Related eMedicine topics:
Acute Tubular Necrosis [Nephrology]
Acute Tubular Necrosis [Pediatrics: General Medicine]
Lead Nephropathy
Workup
Laboratory Studies
* Hyperuricemia is an important finding; urate levels in the plasma often exceed 15 mg/dL and can peak as high as 50 mg/dL. However, tumor lysis syndrome in the context of normouricemia has been reported.13 Progressive azotemia and hyperphosphatemia are other important findings.
* An increased serum lactate dehydrogenase level is suggestive of a large tumor burden and correlates with risk.
* Urinalysis results are usually bland.
o Uric acid and sodium monourate crystals may be observed.

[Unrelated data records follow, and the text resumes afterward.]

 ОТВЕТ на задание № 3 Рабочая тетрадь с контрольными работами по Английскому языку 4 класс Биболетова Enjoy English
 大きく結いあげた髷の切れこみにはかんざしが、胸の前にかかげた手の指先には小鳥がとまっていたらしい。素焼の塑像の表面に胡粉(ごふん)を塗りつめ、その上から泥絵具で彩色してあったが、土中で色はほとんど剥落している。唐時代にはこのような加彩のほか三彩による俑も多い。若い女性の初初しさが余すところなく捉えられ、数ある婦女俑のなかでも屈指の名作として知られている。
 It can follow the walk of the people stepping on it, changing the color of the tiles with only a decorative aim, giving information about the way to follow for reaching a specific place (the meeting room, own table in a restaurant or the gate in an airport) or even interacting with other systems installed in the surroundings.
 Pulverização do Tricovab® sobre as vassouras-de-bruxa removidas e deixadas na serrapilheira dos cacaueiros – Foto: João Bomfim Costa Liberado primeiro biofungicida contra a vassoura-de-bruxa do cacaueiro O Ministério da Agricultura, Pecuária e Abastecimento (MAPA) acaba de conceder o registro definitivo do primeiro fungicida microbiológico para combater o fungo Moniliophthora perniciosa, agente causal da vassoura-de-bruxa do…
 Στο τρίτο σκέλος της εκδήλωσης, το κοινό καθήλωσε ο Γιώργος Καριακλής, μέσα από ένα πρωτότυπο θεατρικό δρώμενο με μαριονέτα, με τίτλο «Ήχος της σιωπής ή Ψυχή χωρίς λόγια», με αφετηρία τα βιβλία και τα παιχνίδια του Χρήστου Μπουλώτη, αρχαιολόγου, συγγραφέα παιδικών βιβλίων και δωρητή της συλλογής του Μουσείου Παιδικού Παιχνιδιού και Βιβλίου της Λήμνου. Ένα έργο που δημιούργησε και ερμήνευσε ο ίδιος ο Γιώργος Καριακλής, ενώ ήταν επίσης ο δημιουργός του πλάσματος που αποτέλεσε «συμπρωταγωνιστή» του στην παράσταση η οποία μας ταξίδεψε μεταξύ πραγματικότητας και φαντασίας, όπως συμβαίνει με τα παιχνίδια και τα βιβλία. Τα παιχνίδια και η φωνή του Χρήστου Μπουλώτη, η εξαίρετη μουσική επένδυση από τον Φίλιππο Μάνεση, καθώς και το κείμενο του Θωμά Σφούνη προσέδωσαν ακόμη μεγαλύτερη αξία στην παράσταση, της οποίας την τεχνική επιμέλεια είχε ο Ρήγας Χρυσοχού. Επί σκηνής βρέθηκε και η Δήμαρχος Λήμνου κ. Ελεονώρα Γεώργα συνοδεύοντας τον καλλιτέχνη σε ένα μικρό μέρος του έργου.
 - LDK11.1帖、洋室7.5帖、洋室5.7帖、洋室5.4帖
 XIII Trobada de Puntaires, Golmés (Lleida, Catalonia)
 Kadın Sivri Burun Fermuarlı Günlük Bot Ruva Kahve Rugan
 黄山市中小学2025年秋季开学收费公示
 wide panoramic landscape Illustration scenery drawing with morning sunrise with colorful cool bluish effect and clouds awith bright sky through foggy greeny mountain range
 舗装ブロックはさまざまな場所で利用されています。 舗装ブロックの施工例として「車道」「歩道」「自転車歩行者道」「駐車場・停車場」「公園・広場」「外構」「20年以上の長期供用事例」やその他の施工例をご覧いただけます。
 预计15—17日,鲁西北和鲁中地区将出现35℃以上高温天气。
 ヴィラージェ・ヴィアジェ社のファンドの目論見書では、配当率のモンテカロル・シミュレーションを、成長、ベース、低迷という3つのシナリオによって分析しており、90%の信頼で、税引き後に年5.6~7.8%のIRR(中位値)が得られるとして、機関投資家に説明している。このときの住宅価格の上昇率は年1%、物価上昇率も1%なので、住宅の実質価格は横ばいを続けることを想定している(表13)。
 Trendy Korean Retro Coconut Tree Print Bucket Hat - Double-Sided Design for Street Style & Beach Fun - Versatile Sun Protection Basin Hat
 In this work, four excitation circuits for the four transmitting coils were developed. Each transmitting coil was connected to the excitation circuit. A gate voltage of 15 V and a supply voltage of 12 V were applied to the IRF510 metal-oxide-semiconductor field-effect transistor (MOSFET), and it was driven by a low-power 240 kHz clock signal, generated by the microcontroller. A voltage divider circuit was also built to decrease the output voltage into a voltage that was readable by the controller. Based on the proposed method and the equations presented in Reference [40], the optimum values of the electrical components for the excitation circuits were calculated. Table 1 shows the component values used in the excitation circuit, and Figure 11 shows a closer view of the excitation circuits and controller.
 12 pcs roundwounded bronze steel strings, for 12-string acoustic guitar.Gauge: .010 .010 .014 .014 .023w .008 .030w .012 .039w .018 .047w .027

o Although variable, uric acid levels in the urine may be as high as 150-200 mg/dL.
* A random ratio of urinary uric acid to creatinine higher than 1 is also suggestive of acute uric acid nephropathy.
* A disproportionate elevation in serum uric acid levels also can be a diagnostic clue.
* Elevated serum and urinary uric acid levels correlate with the frequency of nephrolithiasis, and 50% of patients with serum uric acid levels greater than 13 mg/dL or urinary uric acid secretion higher than 1100 mg/d will form stones. Uric acid stones are radiolucent, and the urinary uric acid crystals are reddish-orange. Urate crystals have several forms but tend to be needle-shaped or flat, square plates; both are strongly birefringent.